## [PROBLEM REQUIREMENTS]
Retype the entries exactly; omit all pictures.

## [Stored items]
....

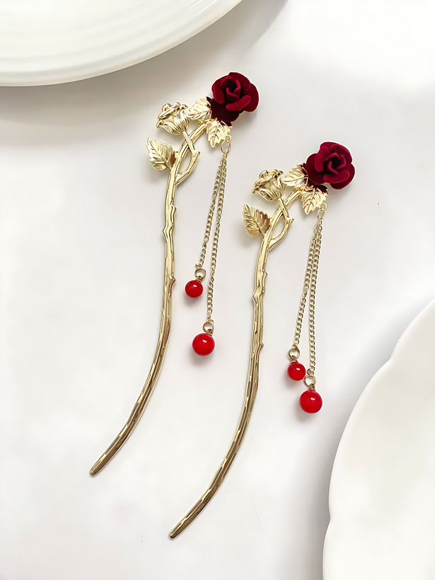 کانزاشی فلزی گل رز ریز خمیده آویز دار
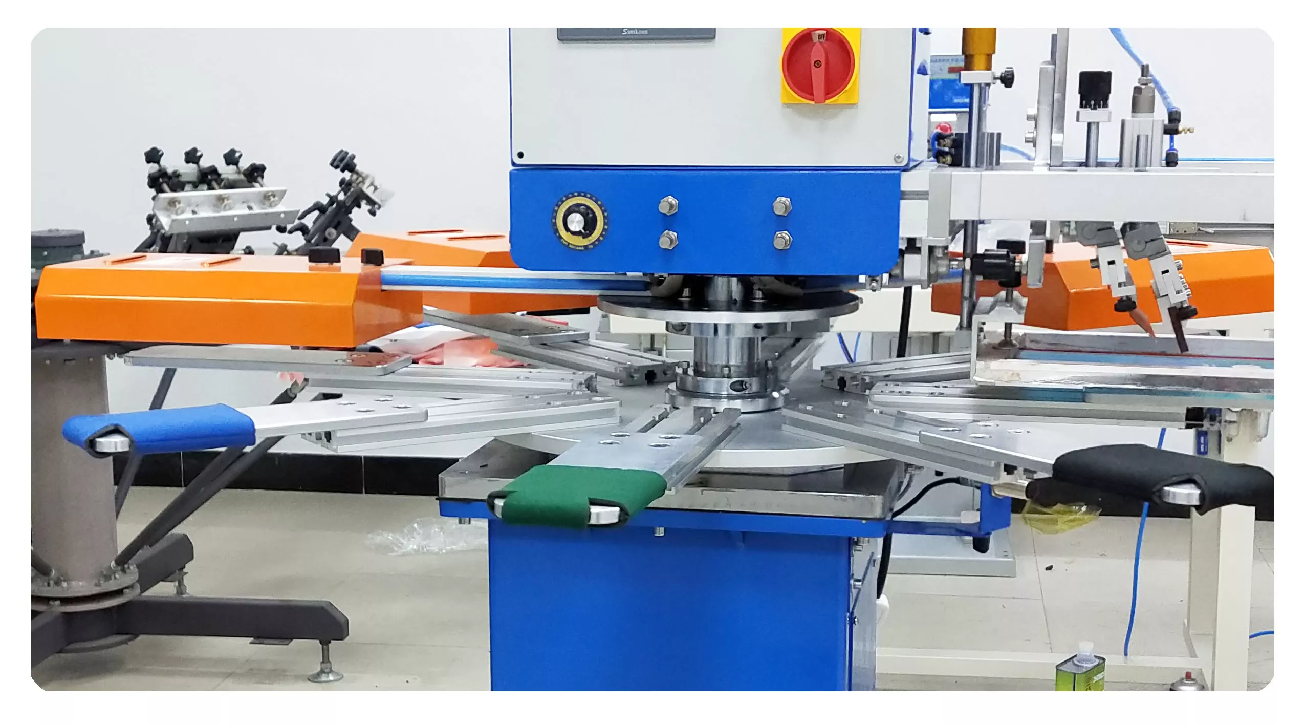 5. Айналмалы жұмыс үстелі сегіз станцияны қамтиды: біреуі жүктеуге, біреуі басып шығаруға, екеуі кептіруге және біреуі түсіруге арналған, бұл бес станцияның бір уақытта жұмыс істеуіне мүмкіндік береді.
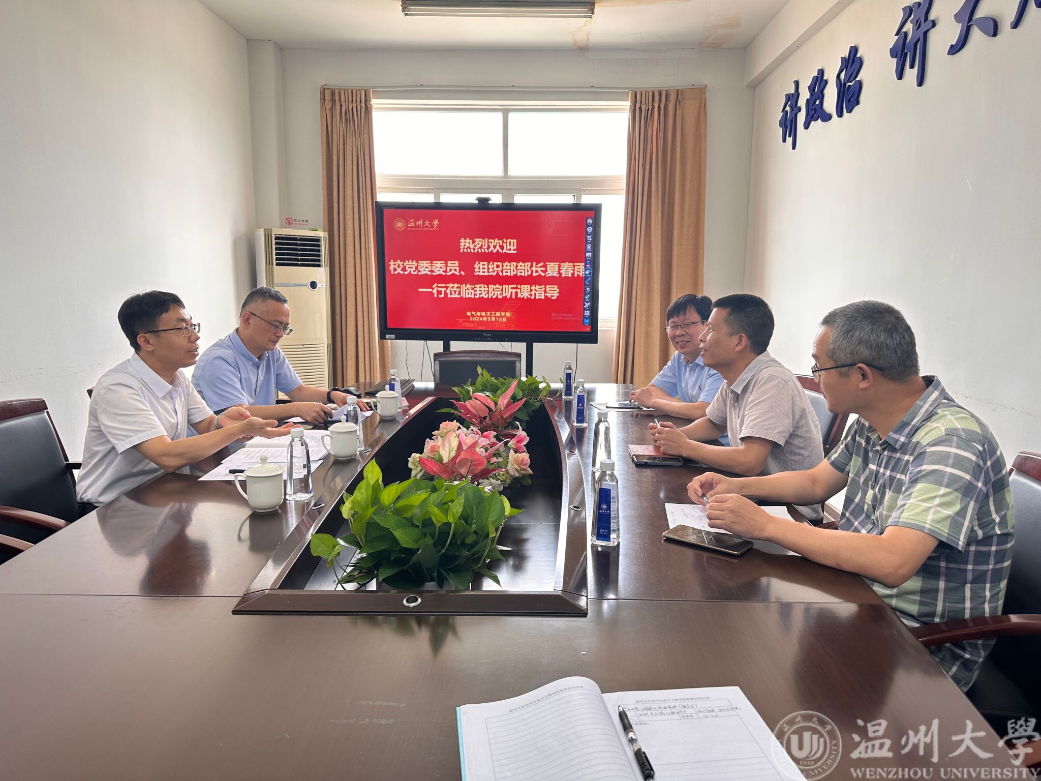9月10日教师节当天,校党委委员、组织部部长夏春雨,机关党委书记、组织部副部长叶正飞,招标与采购中心主任杜友坚,学校督导组副组长庄友谊等一行莅临黑料网 开展开学初听课及教学指导活动。学院教学副院长陈孝敬及学院督导陪同一起走进教室,听取了陈崇巨老师为23集电2班授课的《模拟电子技术》一课。
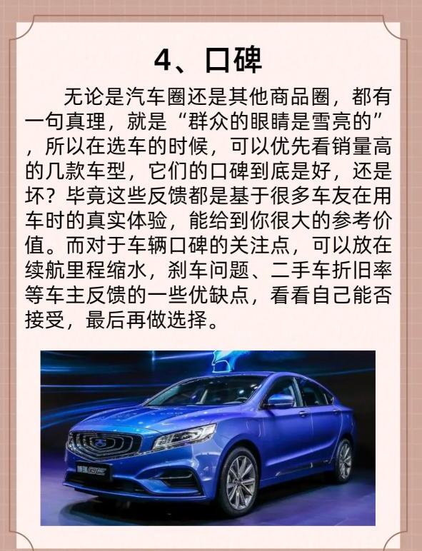 无论是汽车圈还是其他商品圈亩明樱,都有一句真理,就是“群众的眼睛是雪亮的”,所以在选车的时候,可以优先看销量高的几款车型,它们的口碑到底是好,还是坏?毕竟这些反馈都是基于很多车友在用车时的真实体验,能给到你很大的参考价值。而对于车辆口碑的关注点,可以放在续航里程缩水,刹车问题、二手车折旧率等车主反馈的一些优缺点,看看自己能否接受,最后再做选择。
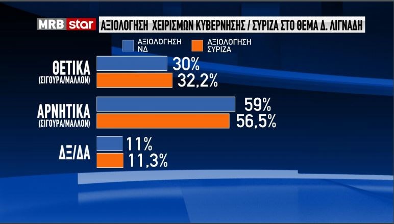 Το 59% κρίνει αρνητικά τη στάση της κυβέρνησης απέναντι στην υπόθεση Λιγνάδη, ενώ το 30% την κρίνει θετικά.
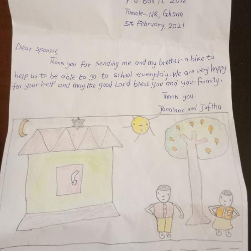 Please thank the lovely young man for his sacrifice in giving this money it will be such a blessing to the boys who currently walk to and from school.
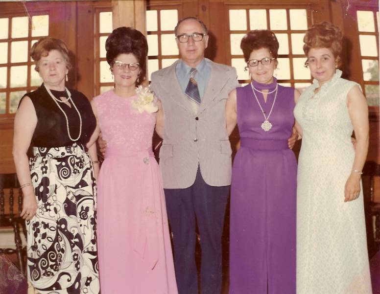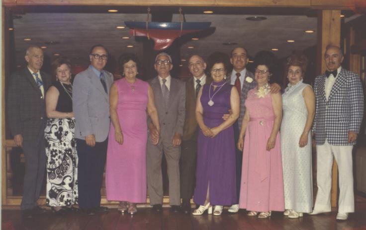 | [Left to Right] Ronnie Johnson & Rose (DiZazzo) Johnson, Carmen DiZazzo and wife, Patsy (Mary DiZazzo's husband, Mary had died by then), "Del" and Marie (DiZazzo) DelRossi, Jimmy and Polly (DiZazzo) Antonioli, Jennie (DiZazzo) Confalone & Charlie Confalone. | |

....

## [TASK RESPONSE]
 کانزاشی فلزی گل رز ریز خمیده آویز دار
 5. Айналмалы жұмыс үстелі сегіз станцияны қамтиды: біреуі жүктеуге, біреуі басып шығаруға, екеуі кептіруге және біреуі түсіруге арналған, бұл бес станцияның бір уақытта жұмыс істеуіне мүмкіндік береді.
9月10日教师节当天,校党委委员、组织部部长夏春雨,机关党委书记、组织部副部长叶正飞,招标与采购中心主任杜友坚,学校督导组副组长庄友谊等一行莅临黑料网 开展开学初听课及教学指导活动。学院教学副院长陈孝敬及学院督导陪同一起走进教室,听取了陈崇巨老师为23集电2班授课的《模拟电子技术》一课。
 无论是汽车圈还是其他商品圈亩明樱,都有一句真理,就是“群众的眼睛是雪亮的”,所以在选车的时候,可以优先看销量高的几款车型,它们的口碑到底是好,还是坏?毕竟这些反馈都是基于很多车友在用车时的真实体验,能给到你很大的参考价值。而对于车辆口碑的关注点,可以放在续航里程缩水,刹车问题、二手车折旧率等车主反馈的一些优缺点,看看自己能否接受,最后再做选择。
 Το 59% κρίνει αρνητικά τη στάση της κυβέρνησης απέναντι στην υπόθεση Λιγνάδη, ενώ το 30% την κρίνει θετικά.
 Please thank the lovely young man for his sacrifice in giving this money it will be such a blessing to the boys who currently walk to and from school.
 | [Left to Right] Ronnie Johnson & Rose (DiZazzo) Johnson, Carmen DiZazzo and wife, Patsy (Mary DiZazzo's husband, Mary had died by then), "Del" and Marie (DiZazzo) DelRossi, Jimmy and Polly (DiZazzo) Antonioli, Jennie (DiZazzo) Confalone & Charlie Confalone. | |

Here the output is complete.